SUPPLIED MATERIAL Start Marker
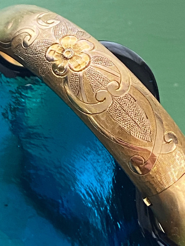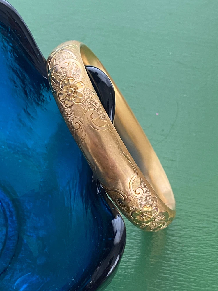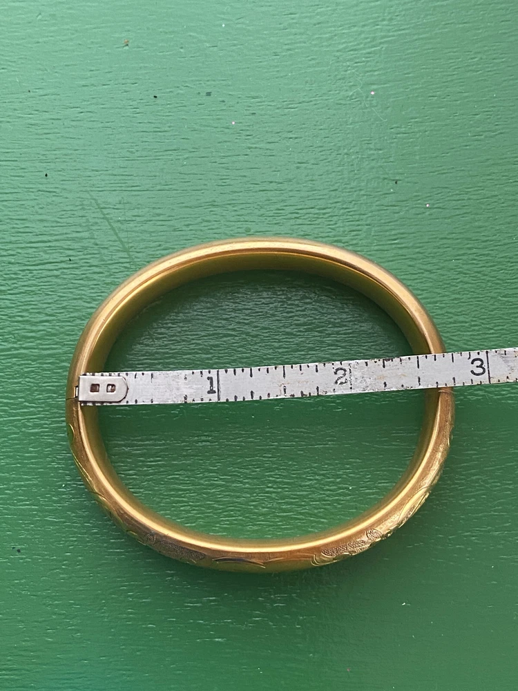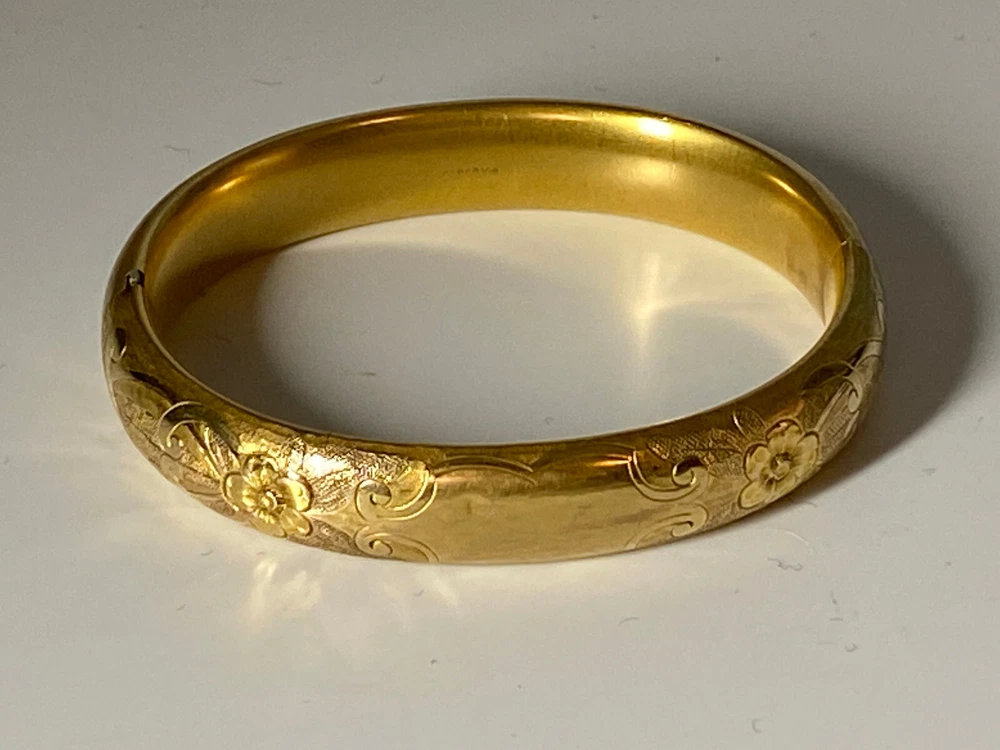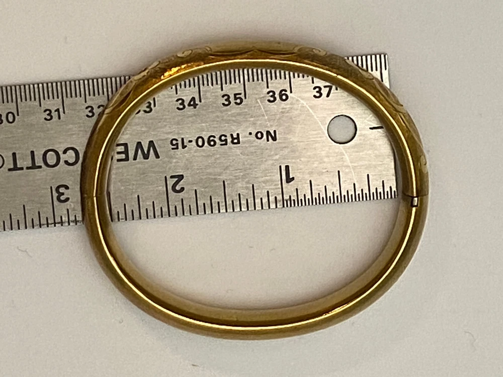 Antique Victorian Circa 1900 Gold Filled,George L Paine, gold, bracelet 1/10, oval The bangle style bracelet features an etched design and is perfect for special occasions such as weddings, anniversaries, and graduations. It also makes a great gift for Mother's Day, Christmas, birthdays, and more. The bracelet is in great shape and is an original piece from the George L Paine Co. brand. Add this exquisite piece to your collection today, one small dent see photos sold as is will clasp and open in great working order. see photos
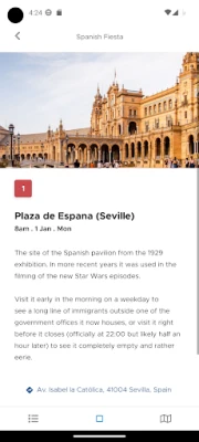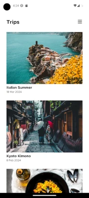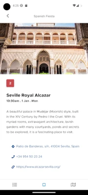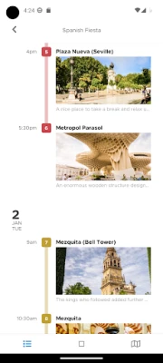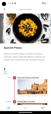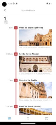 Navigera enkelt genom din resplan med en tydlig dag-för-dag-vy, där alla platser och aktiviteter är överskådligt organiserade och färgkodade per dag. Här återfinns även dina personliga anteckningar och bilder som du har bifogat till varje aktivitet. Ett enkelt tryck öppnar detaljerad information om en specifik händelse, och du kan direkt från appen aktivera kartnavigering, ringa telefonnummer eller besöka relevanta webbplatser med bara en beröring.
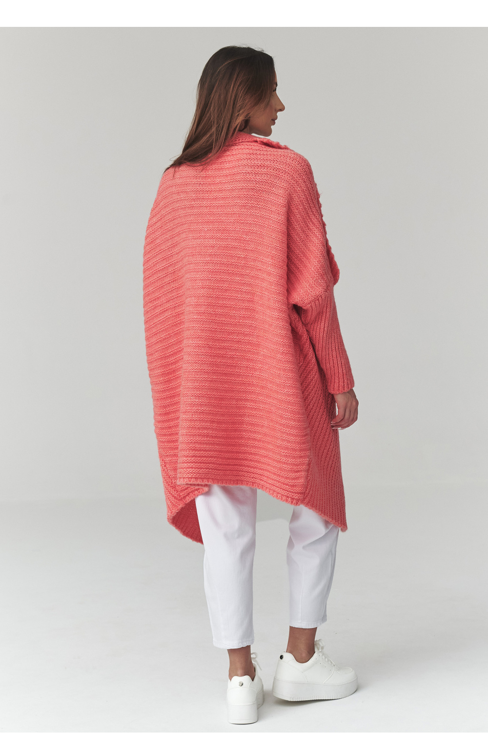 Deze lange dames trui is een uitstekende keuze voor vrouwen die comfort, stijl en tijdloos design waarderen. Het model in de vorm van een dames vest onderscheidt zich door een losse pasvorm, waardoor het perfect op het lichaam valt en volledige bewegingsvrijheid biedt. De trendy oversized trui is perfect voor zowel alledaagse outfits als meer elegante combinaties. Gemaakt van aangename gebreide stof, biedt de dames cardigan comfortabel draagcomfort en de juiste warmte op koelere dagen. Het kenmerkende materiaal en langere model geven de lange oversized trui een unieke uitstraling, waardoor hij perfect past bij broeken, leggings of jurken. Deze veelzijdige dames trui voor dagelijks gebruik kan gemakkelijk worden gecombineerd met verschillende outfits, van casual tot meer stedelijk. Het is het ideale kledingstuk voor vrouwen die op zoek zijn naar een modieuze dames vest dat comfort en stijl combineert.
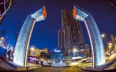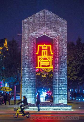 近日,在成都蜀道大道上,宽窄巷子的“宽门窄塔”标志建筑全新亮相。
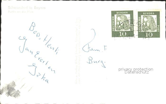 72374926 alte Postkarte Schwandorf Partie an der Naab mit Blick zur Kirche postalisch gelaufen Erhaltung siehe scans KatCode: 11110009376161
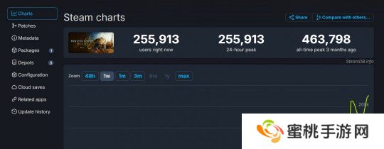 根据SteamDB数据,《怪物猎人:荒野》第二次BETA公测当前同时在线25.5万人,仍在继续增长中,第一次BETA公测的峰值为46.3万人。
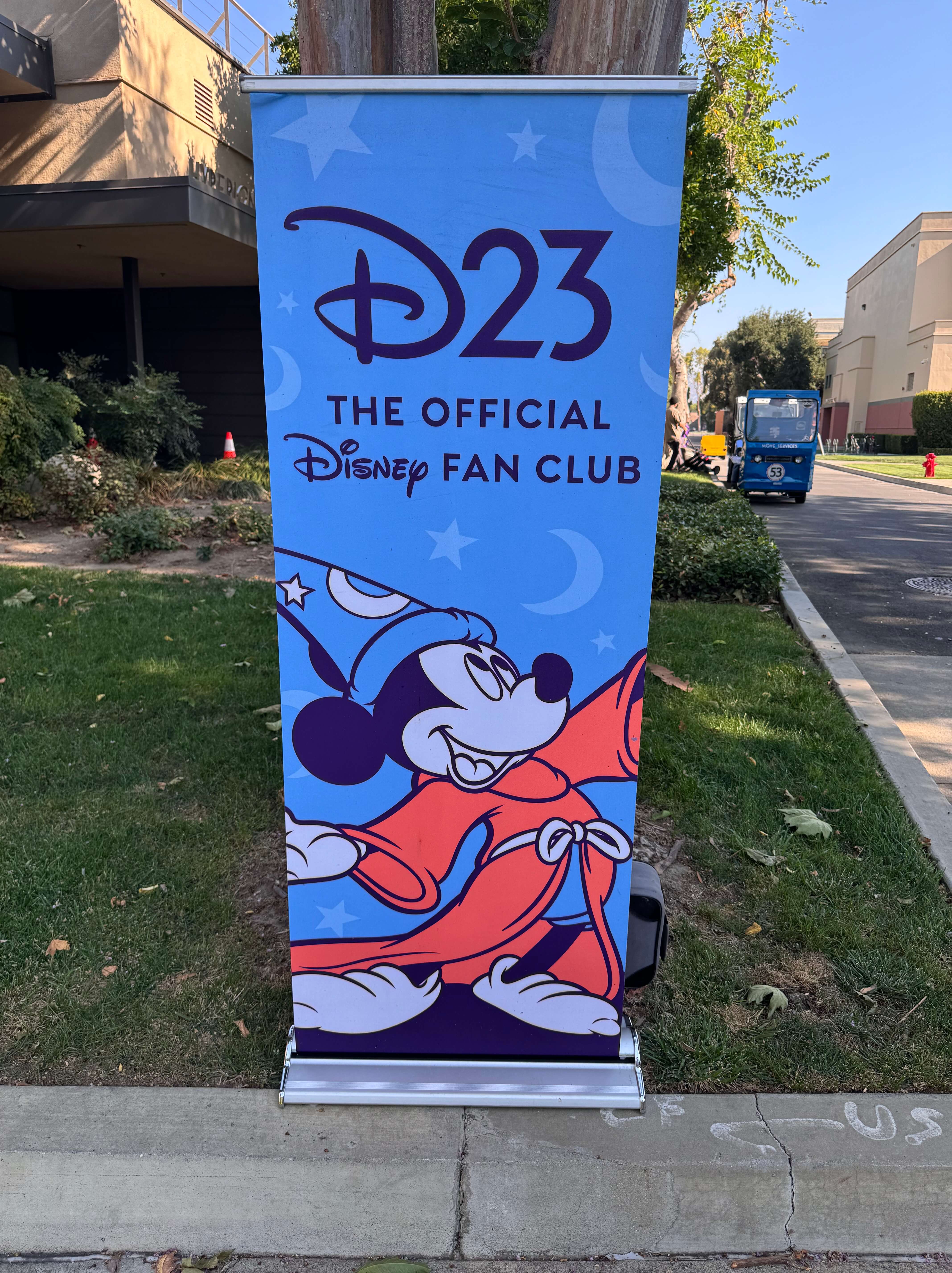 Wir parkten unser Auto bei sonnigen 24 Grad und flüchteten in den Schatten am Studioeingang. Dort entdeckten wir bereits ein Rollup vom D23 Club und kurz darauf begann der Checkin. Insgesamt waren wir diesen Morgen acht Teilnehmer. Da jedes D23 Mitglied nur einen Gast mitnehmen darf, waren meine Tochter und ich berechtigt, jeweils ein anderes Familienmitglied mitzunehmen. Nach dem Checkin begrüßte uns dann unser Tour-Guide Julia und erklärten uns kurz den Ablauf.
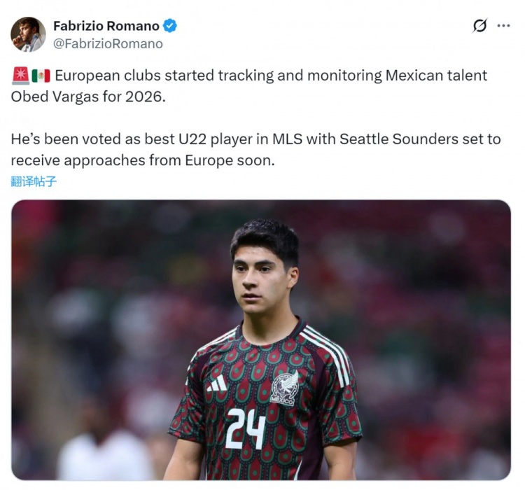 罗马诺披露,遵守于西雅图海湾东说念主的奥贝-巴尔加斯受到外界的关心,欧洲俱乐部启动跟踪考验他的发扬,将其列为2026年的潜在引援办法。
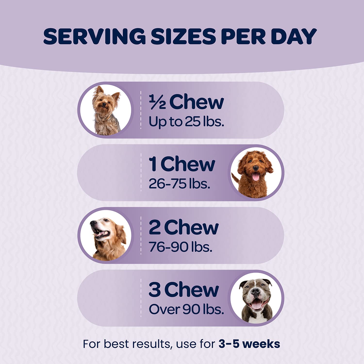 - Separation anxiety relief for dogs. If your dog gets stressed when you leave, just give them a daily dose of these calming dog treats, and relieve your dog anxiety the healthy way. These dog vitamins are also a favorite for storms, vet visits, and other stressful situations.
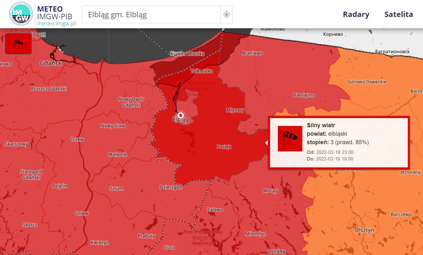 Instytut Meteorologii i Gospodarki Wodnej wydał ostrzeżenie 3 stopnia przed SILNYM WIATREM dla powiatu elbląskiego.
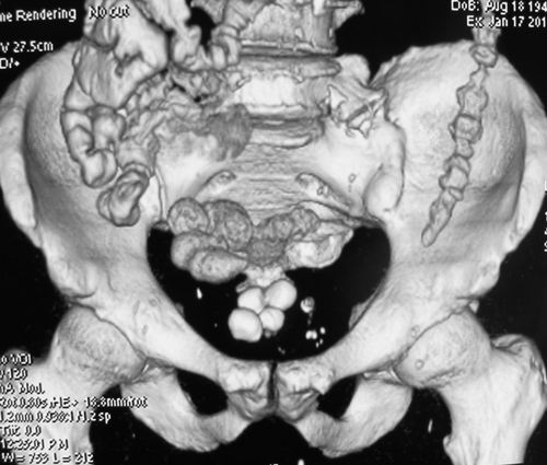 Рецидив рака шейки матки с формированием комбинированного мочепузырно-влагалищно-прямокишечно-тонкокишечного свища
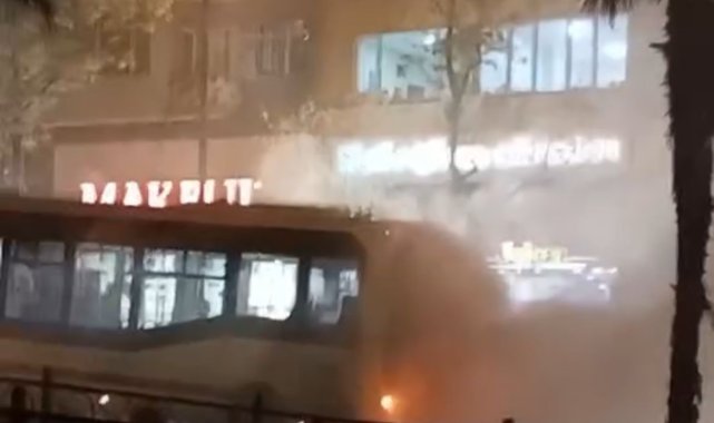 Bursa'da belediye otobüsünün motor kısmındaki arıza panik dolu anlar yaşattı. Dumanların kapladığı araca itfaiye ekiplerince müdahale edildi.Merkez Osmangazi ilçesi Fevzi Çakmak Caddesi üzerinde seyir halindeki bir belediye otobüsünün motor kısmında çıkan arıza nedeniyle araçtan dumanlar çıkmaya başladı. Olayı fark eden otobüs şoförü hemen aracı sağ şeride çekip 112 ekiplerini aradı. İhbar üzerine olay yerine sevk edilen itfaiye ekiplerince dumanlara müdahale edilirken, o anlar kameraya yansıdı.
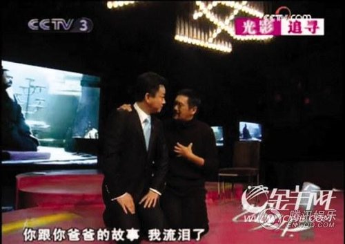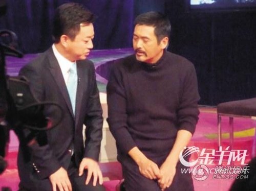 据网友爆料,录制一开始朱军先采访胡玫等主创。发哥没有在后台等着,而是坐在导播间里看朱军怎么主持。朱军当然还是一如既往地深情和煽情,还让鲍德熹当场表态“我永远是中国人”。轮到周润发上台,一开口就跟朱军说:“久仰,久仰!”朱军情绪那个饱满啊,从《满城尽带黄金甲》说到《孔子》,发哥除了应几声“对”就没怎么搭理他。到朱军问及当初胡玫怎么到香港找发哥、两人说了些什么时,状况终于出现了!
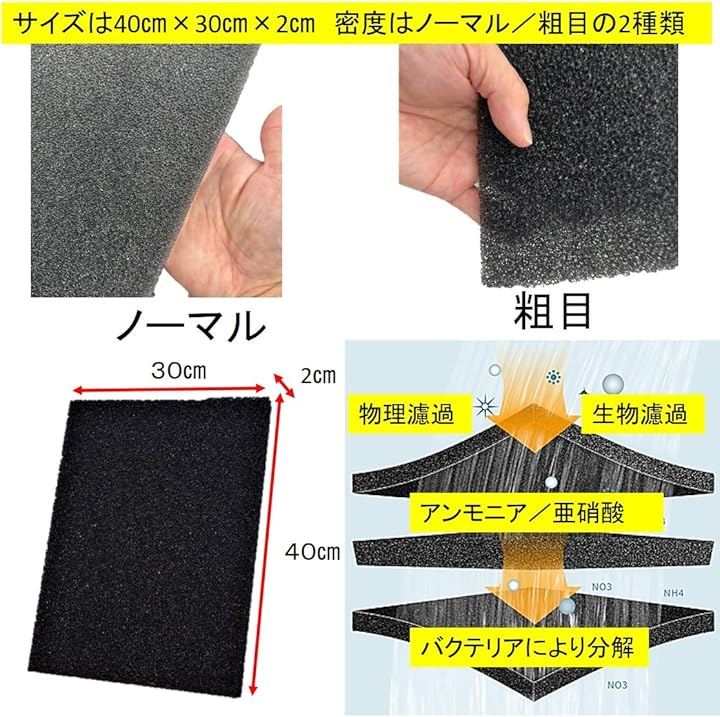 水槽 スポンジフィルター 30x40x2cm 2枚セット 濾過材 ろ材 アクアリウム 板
SUPPLIED MATERIAL End Marker
▶ _EXERCISE_:
Line by line, write out the entries exactly, and leave the pictures out.

▶ _PROBLEM SOLUTION_:
 Antique Victorian Circa 1900 Gold Filled,George L Paine, gold, bracelet 1/10, oval The bangle style bracelet features an etched design and is perfect for special occasions such as weddings, anniversaries, and graduations. It also makes a great gift for Mother's Day, Christmas, birthdays, and more. The bracelet is in great shape and is an original piece from the George L Paine Co. brand. Add this exquisite piece to your collection today, one small dent see photos sold as is will clasp and open in great working order. see photos
 Navigera enkelt genom din resplan med en tydlig dag-för-dag-vy, där alla platser och aktiviteter är överskådligt organiserade och färgkodade per dag. Här återfinns även dina personliga anteckningar och bilder som du har bifogat till varje aktivitet. Ett enkelt tryck öppnar detaljerad information om en specifik händelse, och du kan direkt från appen aktivera kartnavigering, ringa telefonnummer eller besöka relevanta webbplatser med bara en beröring.
 Deze lange dames trui is een uitstekende keuze voor vrouwen die comfort, stijl en tijdloos design waarderen. Het model in de vorm van een dames vest onderscheidt zich door een losse pasvorm, waardoor het perfect op het lichaam valt en volledige bewegingsvrijheid biedt. De trendy oversized trui is perfect voor zowel alledaagse outfits als meer elegante combinaties. Gemaakt van aangename gebreide stof, biedt de dames cardigan comfortabel draagcomfort en de juiste warmte op koelere dagen. Het kenmerkende materiaal en langere model geven de lange oversized trui een unieke uitstraling, waardoor hij perfect past bij broeken, leggings of jurken. Deze veelzijdige dames trui voor dagelijks gebruik kan gemakkelijk worden gecombineerd met verschillende outfits, van casual tot meer stedelijk. Het is het ideale kledingstuk voor vrouwen die op zoek zijn naar een modieuze dames vest dat comfort en stijl combineert.
 近日,在成都蜀道大道上,宽窄巷子的“宽门窄塔”标志建筑全新亮相。
 72374926 alte Postkarte Schwandorf Partie an der Naab mit Blick zur Kirche postalisch gelaufen Erhaltung siehe scans KatCode: 11110009376161
 根据SteamDB数据,《怪物猎人:荒野》第二次BETA公测当前同时在线25.5万人,仍在继续增长中,第一次BETA公测的峰值为46.3万人。
 Wir parkten unser Auto bei sonnigen 24 Grad und flüchteten in den Schatten am Studioeingang. Dort entdeckten wir bereits ein Rollup vom D23 Club und kurz darauf begann der Checkin. Insgesamt waren wir diesen Morgen acht Teilnehmer. Da jedes D23 Mitglied nur einen Gast mitnehmen darf, waren meine Tochter und ich berechtigt, jeweils ein anderes Familienmitglied mitzunehmen. Nach dem Checkin begrüßte uns dann unser Tour-Guide Julia und erklärten uns kurz den Ablauf.
 罗马诺披露,遵守于西雅图海湾东说念主的奥贝-巴尔加斯受到外界的关心,欧洲俱乐部启动跟踪考验他的发扬,将其列为2026年的潜在引援办法。
 - Separation anxiety relief for dogs. If your dog gets stressed when you leave, just give them a daily dose of these calming dog treats, and relieve your dog anxiety the healthy way. These dog vitamins are also a favorite for storms, vet visits, and other stressful situations.
 Instytut Meteorologii i Gospodarki Wodnej wydał ostrzeżenie 3 stopnia przed SILNYM WIATREM dla powiatu elbląskiego.
 Рецидив рака шейки матки с формированием комбинированного мочепузырно-влагалищно-прямокишечно-тонкокишечного свища
 Bursa'da belediye otobüsünün motor kısmındaki arıza panik dolu anlar yaşattı. Dumanların kapladığı araca itfaiye ekiplerince müdahale edildi.Merkez Osmangazi ilçesi Fevzi Çakmak Caddesi üzerinde seyir halindeki bir belediye otobüsünün motor kısmında çıkan arıza nedeniyle araçtan dumanlar çıkmaya başladı. Olayı fark eden otobüs şoförü hemen aracı sağ şeride çekip 112 ekiplerini aradı. İhbar üzerine olay yerine sevk edilen itfaiye ekiplerince dumanlara müdahale edilirken, o anlar kameraya yansıdı.
 据网友爆料,录制一开始朱军先采访胡玫等主创。发哥没有在后台等着,而是坐在导播间里看朱军怎么主持。朱军当然还是一如既往地深情和煽情,还让鲍德熹当场表态“我永远是中国人”。轮到周润发上台,一开口就跟朱军说:“久仰,久仰!”朱军情绪那个饱满啊,从《满城尽带黄金甲》说到《孔子》,发哥除了应几声“对”就没怎么搭理他。到朱军问及当初胡玫怎么到香港找发哥、两人说了些什么时,状况终于出现了!
 水槽 スポンジフィルター 30x40x2cm 2枚セット 濾過材 ろ材 アクアリウム 板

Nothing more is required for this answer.